De carência e afeto trata igualmente “Vers toi qui es si loin”, dedicada a Peter Herresthal e baseada na derradeira ária de “L’Amour de loin” (a ópera que a finlandesa compôs há coisa de 20 anos, com libreto de Amin Maalouf), cheia de ressonâncias de Rumi, claro, mas, e apesar de Los Panchos o terem cantado melhor, em ‘Piel Canela’, capaz de lembrar uma oração islâmica, que diz: “Onde quer que eu vá – somente Tu/ Onde quer que eu pare – somente Tu”. Virada a oriente está também a Arturiana “Graal théâtre”, um concerto para violino alimentado a lascas da escala arábica, espécie de épico em que os heróis de Wagner surgem incorpóreos, desmaterializados e de átomos dispersos. Exatamente o que se passa em “Neiges”, que obriga, com calafrios, a voltar a Rumi: “Seja a neve derretendo/ Lave-se de si.”

“Alefa Madagascar! Salegy, Soukous & Soul From The Red Island, 1974-1984” (Strut, 2019)

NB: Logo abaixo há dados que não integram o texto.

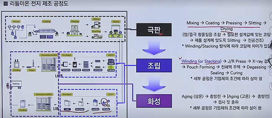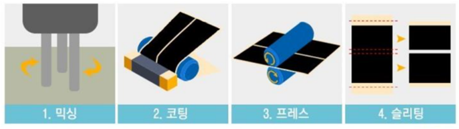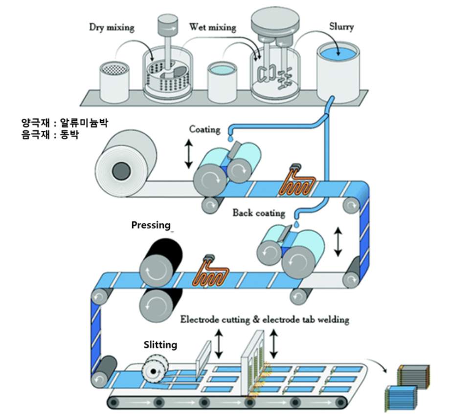 - 극판을 설계에 맞게 슬리팅(노칭이라는 공정, 사이즈에 맞게 자르는 과정)과정을 거쳐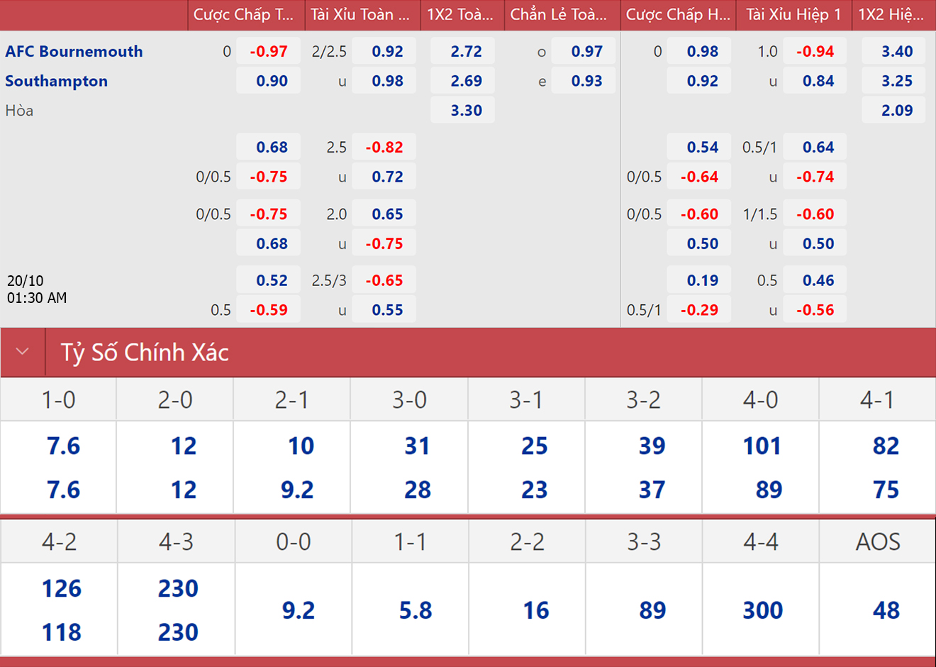 Soi kèo nhà cái Bournemouth vs Southampton. Nhận định, dự đoán bóng đá Anh (01h30, 20/10). Dự đoán bóng đá Bournemouth vs Southampton. Tỷ lệ kèo bóng đá Anh. Soi kèo Ngoại hạng Anh.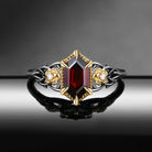 Nature Inspired Long Hexagon Garnet 'Thorns & Roses' Two-Toned Engagement Ring
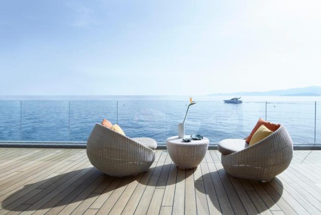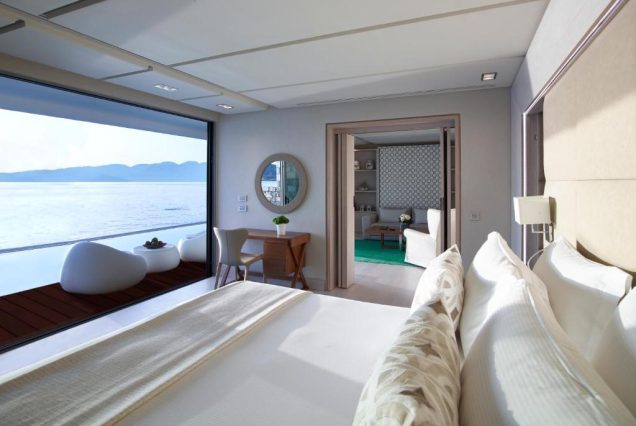 Вид из номера: панорамный — на Эгейское море, рассветы и яхты в гавани

Em África, só em Madagáscar, realmente, para que uma zebra, um leão, uma girafa e um hipopótamo, como no filme, fossem tidos por seres do outro mundo – e o inverso é verdadeiro; afinal, os lémures foram batizados com o termo em latim para “fantasmas” (na Roma Antiga, organizava-se anualmente a Lemúria para esconjurar espectros malfazejos). Isto, claro, para dizer que, tal como esses distintos primatas, também a música da ilha se descreve por aproximação: “O waka waka (a noroeste) e o tsapika (a sudoeste) são primos direitos do benga queniano e do mbaqanga sul-africano”, sugeria há cerca de 20 anos Ian Anderson, da recém-defunta “fRoots”, como se a estrutura genética de tudo quanto se ouve na ilha, face à dos seus congéneres continentais, não lembrasse, antes, o que Escher fez às escadarias. Atente-se ao catálogo da Discomad, por exemplo (do qual provém a esmagadora maioria dos temas desta antologia): ao longo da década de setenta, a editora lançou no mercado malgaxe nomes como Johnny Hallyday, Françoise Hardy, Aphrodite’s Child, Elton John, Rolling Stones, Suzi Quatro, Boney M., ou, até, Linda de Suza – mas nada disto, no entanto, e mal comparando, efetivamente explica a absoluta singularidade da fauna local (é uma palavra perigosa, essa, a da singularidade, remetendo para equívocos, como o que levou os guitarristas norte-americanos Henry Kaiser e David Lindley a designar como “A World Out of Time” as suas gravações in situ).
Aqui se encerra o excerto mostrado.